La conséquence pratique tombe d’elle-même. Si vous ne constatez rien après un mois, regardez votre consommation habituelle de viande et de poisson avant de changer de produit.
Quel protocole adopter et quelles précautions ?
Deux schémas mènent au même plateau, le choix dépend de votre patience. La régularité, elle, ne se négocie pas.
La charge rapide consiste à prendre 0,3 g par kilo de poids de corps pendant 5 à 7 jours, réparti en quatre prises :
-
60 kg : 18 g par jour, soit 4 prises de 4,5 g.
-
80 kg : 24 g par jour, soit 4 prises de 6 g.
-
100 kg : 30 g par jour, soit 4 prises de 7,5 g.
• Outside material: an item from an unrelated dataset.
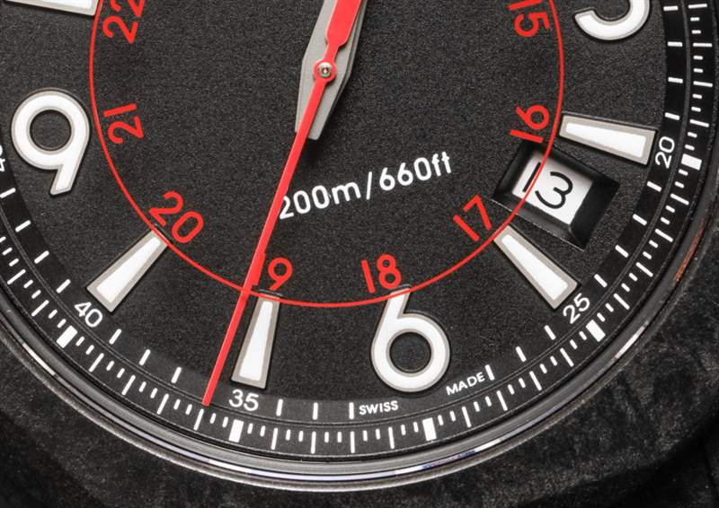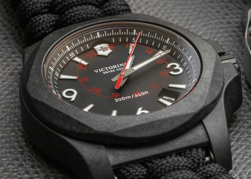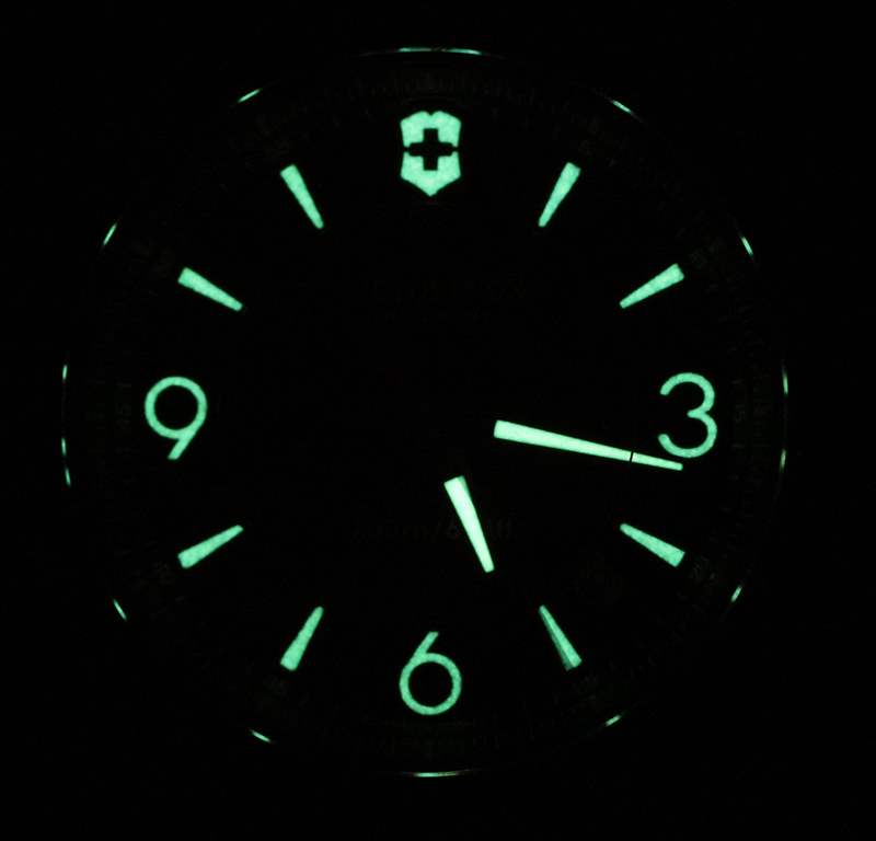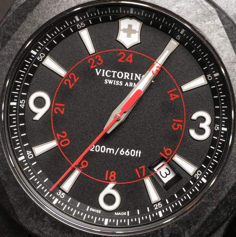 Luminant 既適用于迷人(且尺寸適中)的指針,也適用于時(shí)標(biāo)。雙排較小增量的標(biāo)記排列在法蘭環(huán)上。較低的用于秒針(我很高興地報(bào)告,我的 Victorinox Swiss Army INOX Carbon 有一個(gè)與標(biāo)記完美對(duì)齊的秒針),而上面的只是為了風(fēng)格 – 因?yàn)檫@些將用于計(jì)時(shí)碼表,并不是對(duì)這個(gè)運(yùn)動(dòng)有用的標(biāo)記。這并不是真正的缺點(diǎn),而只是計(jì)時(shí)純粹主義者會(huì)注意到的一個(gè)小怪癖。

L’entretien suit ensuite, à 3 à 5 g par jour indéfiniment. La seconde option consiste à sauter la charge et à prendre directement 3 à 5 g par jour, les réserves atteignant le même niveau en 3 à 4 semaines. Dans les deux cas, la prise est quotidienne, séance ou non, puisque la créatine agit par saturation progressive du muscle.
Côté sécurité, l’ISSN indique qu’une supplémentation jusqu’à 30 g par jour pendant 5 ans s’est révélée sûre et bien tolérée chez des sujets sains, soit six fois la dose d’entretien usuelle. L’ANSES pose néanmoins des limites : elle déconseille les compléments visant le développement musculaire aux personnes présentant des facteurs de risque cardiovasculaire, une cardiopathie, une altération des fonctions rénale ou hépatique ou des troubles neuropsychiatriques, ainsi qu’aux enfants et adolescents. Elle recommande de privilégier les produits conformes à la norme AFNOR NF V 94-001 et les circuits d’approvisionnement contrôlés.
Un complément vient en appui d’une alimentation équilibrée et d’un entraînement régulier. Il ne remplace ni l’un ni l’autre.
Ce qu’il faut retenir
Creapure® ne rend pas la créatine plus efficace, puisque la molécule est identique à celle de n’importe quelle créatine monohydrate. Le label répond à une autre question : que contient le produit en dehors de la créatine, et sur quelle durée allez-vous l’ingérer. À neuf kilos de poudre sur cinq ans, cette question mérite une réponse tracée. Le fait que les laboratoires retiennent cette matière première pour leurs essais comparatifs constitue, à ce jour, le meilleur argument en sa faveur.